【Time】 2:00PM-3:00PM, January 7, 2010 (Thursday)
【Venue】 Meeting Room 510, Shunde Building
【Speaker】 Annabelle Feng , McCombs School of Business, the University of Texas, USA
【Host】Dr. Simin Huang
【Title】 Integrating Dynamic Pricing and Replenishment Decisions under Supply Capacity Uncertainty
【Abstract】 This paper examines the integrated decisions of pricing for uncertain demand and sourcing from uncertain supply, which are often studied separately in the literature. Our analysis of the integrated system suggests that the base stock list price policy fails to achieve optimality even under deterministic demand. Instead, the optimal policy is characterized by two critical values: a reorder point and a target safety stock. Under this policy, a positive order is issued if and only if the inventory level is below the reorder point. When this happens, the optimal order and price are coordinated to achieve a constant target safety stock, which aims at hedging stockout risk. An increased inventory level calls for a decreased price and a reduced order. The optimal decisions also reveal monotone properties with respect to model inputs, which provide guidance to design the integrated pricing and inventory strategy according to system characteristics. We further investigate the profit improvement obtained from deploying dynamic pricing, as opposed to static pricing, in our model. The sensitivity of the optimal decisions to the inventory level implies that the presence of supply uncertainties can induce a long-term profit improvement from dynamically adjusting the price according to the available inventory. Dynamic pricing also yields a larger benefit if purchasing or holding inventory is cheaper.
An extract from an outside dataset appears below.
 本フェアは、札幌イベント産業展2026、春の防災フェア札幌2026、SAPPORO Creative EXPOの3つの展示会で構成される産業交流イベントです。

Interestingly, such a benefit may be reduced when the uncertainties involved in the system become very high, or when the demand becomes highly price sensitive. The reduced benefit of dynamic pricing is due to two distinct effects. First, a very stringent supply resulting from the high uncertainties can limit the flexibility of price adjustment. Second, the supply restriction can be relaxed by optimally setting the price for the highly price-sensitive demand. When either effect becomes significant, the need to adjust the price is reduced.
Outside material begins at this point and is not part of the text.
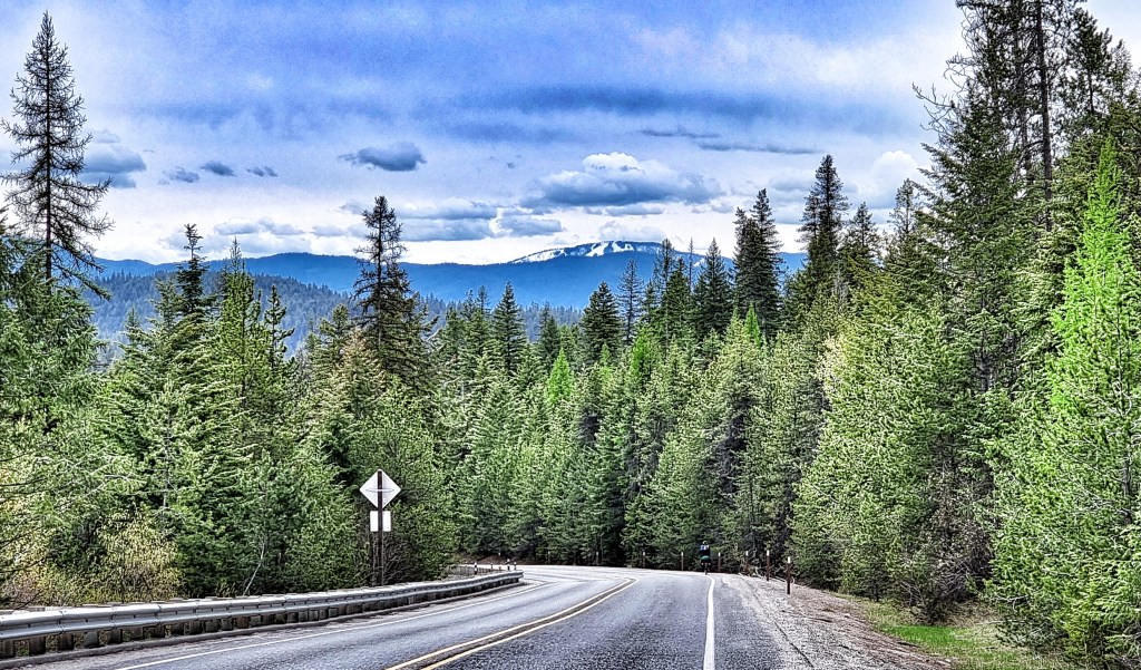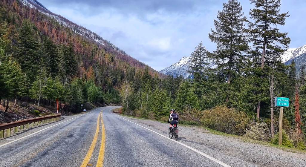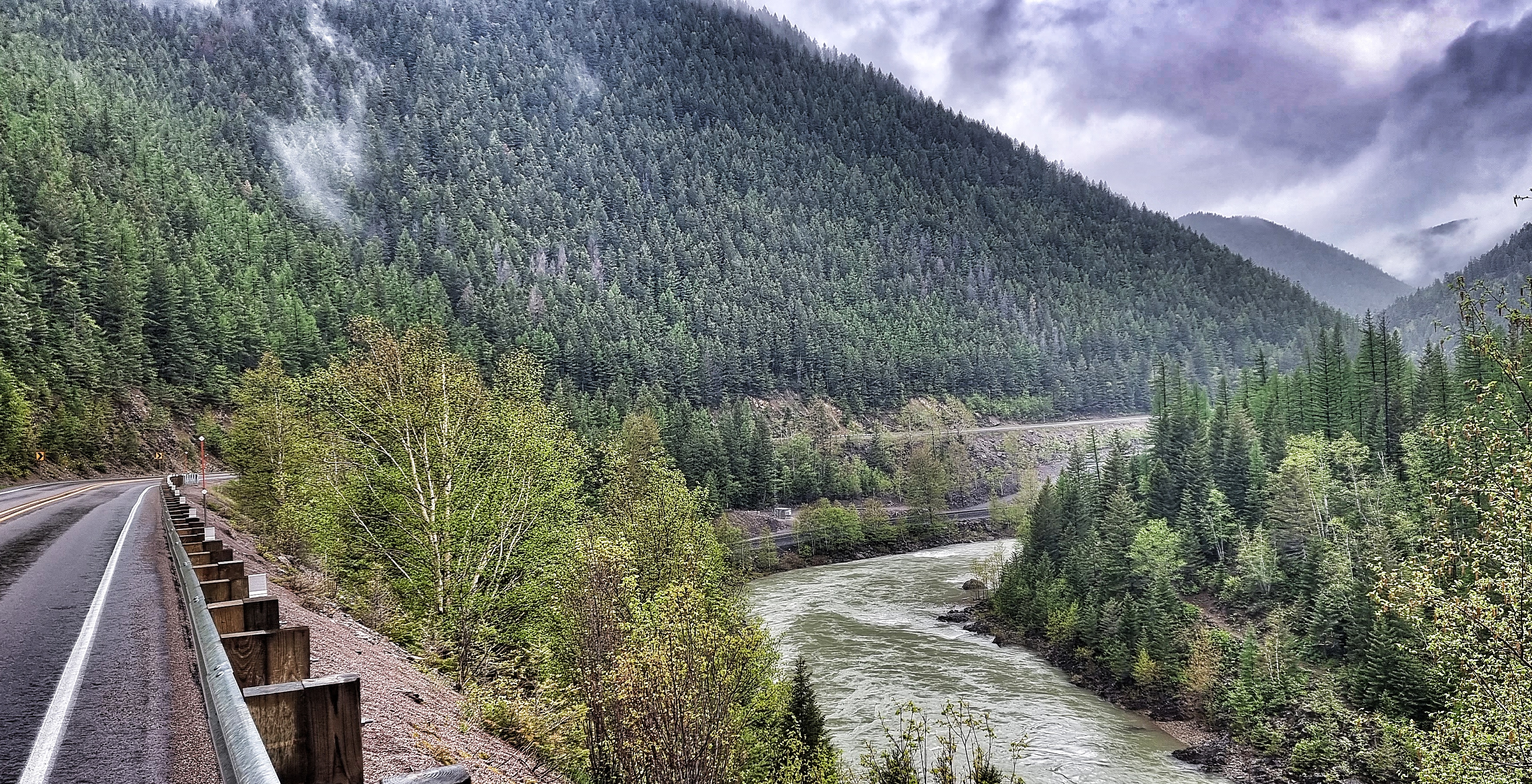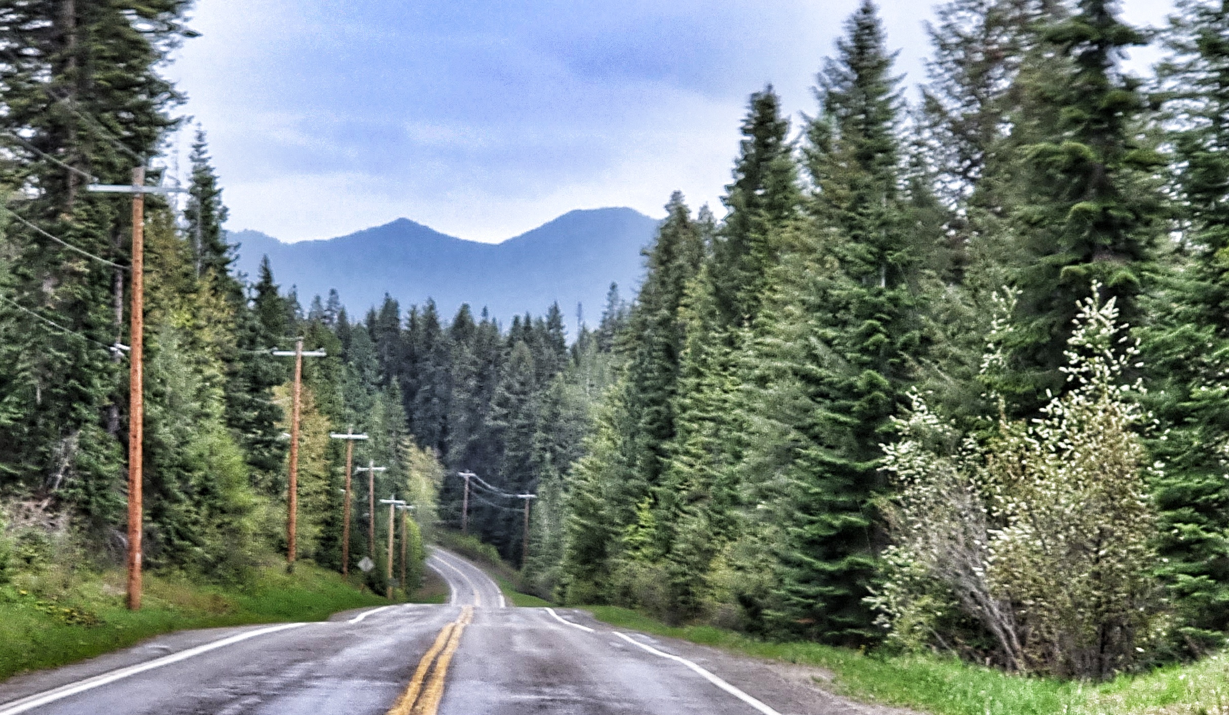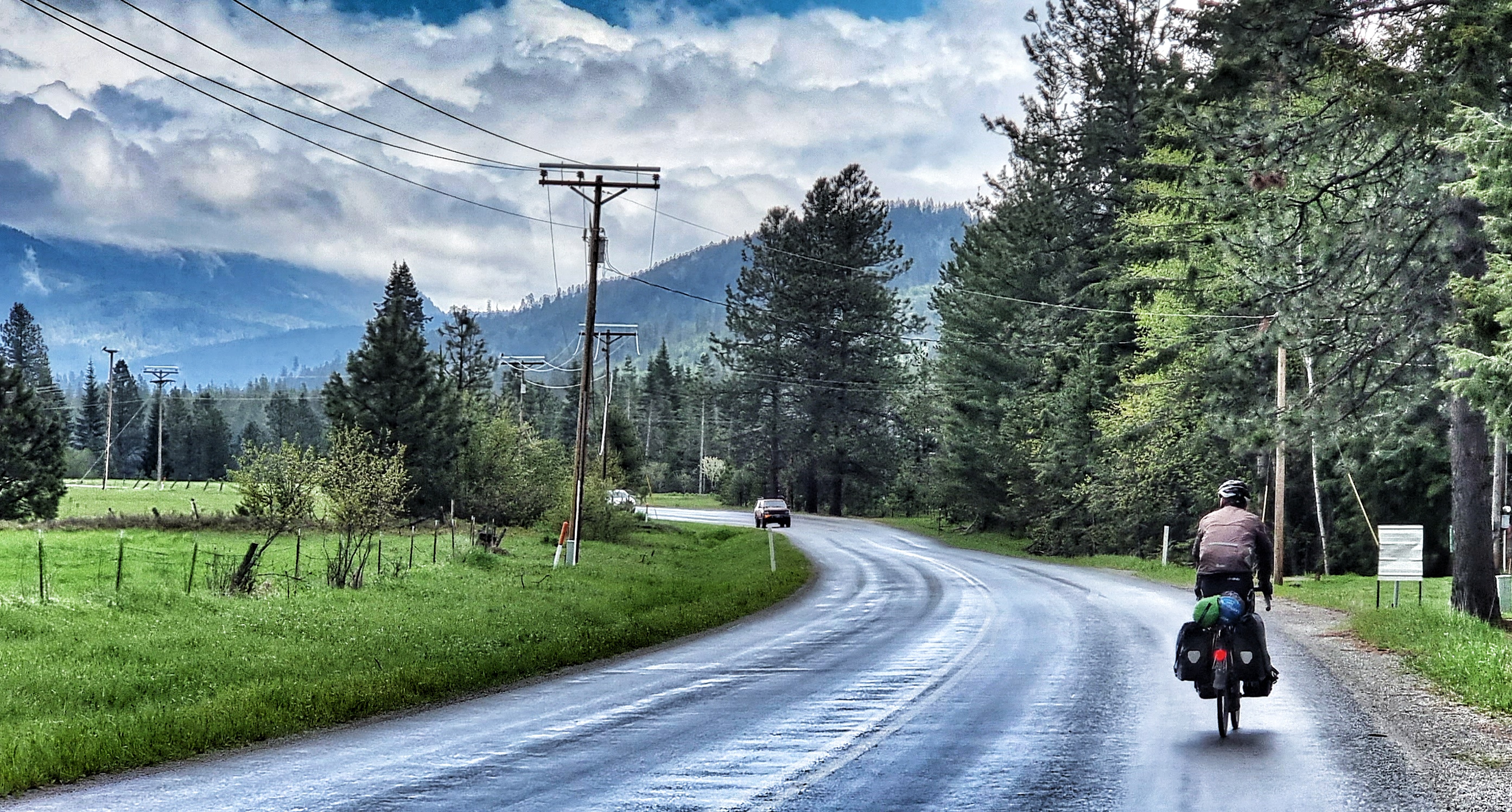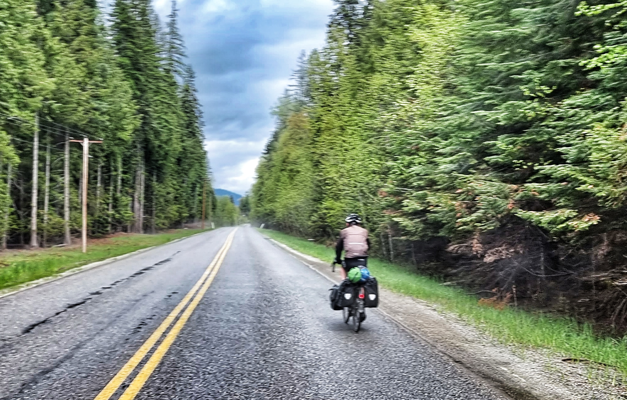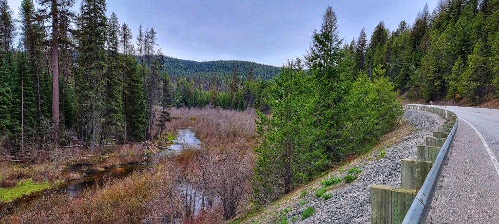While we were relaxing inside, the heavens opened outside! Luckily by the time we remounted the steel steeds, we only had to deal with light rain & the short, sharp climb as soon as we joined the US 2 soon warmed us up! In no time we had big views over the river & railroad below, but then almost immediately gave all those hard fought for feet back! At Nimrod we left the Flathead river behind us & started following the course of the babbling Bear Creek.

【Bio Sketch】 Annabelle Feng is an assistant professor at McCombs School of Business, the University of Texas. She received her Ph.D. in Operations Management from UT Dallas in 2006. Her main research interests are in various aspects of procurement and inventory planning including information dynamics, service level evaluation, supply unreliability, and pricing strategy. She also works on production and design outsourcing, incentive issues in contracting, and economic growth and consumption. She received the first prize in the 2009 INFORMS Junior Faculty Paper Competition. She is also a co-author of the 2009 Edelman Award winning project.
Looking forward to your participation.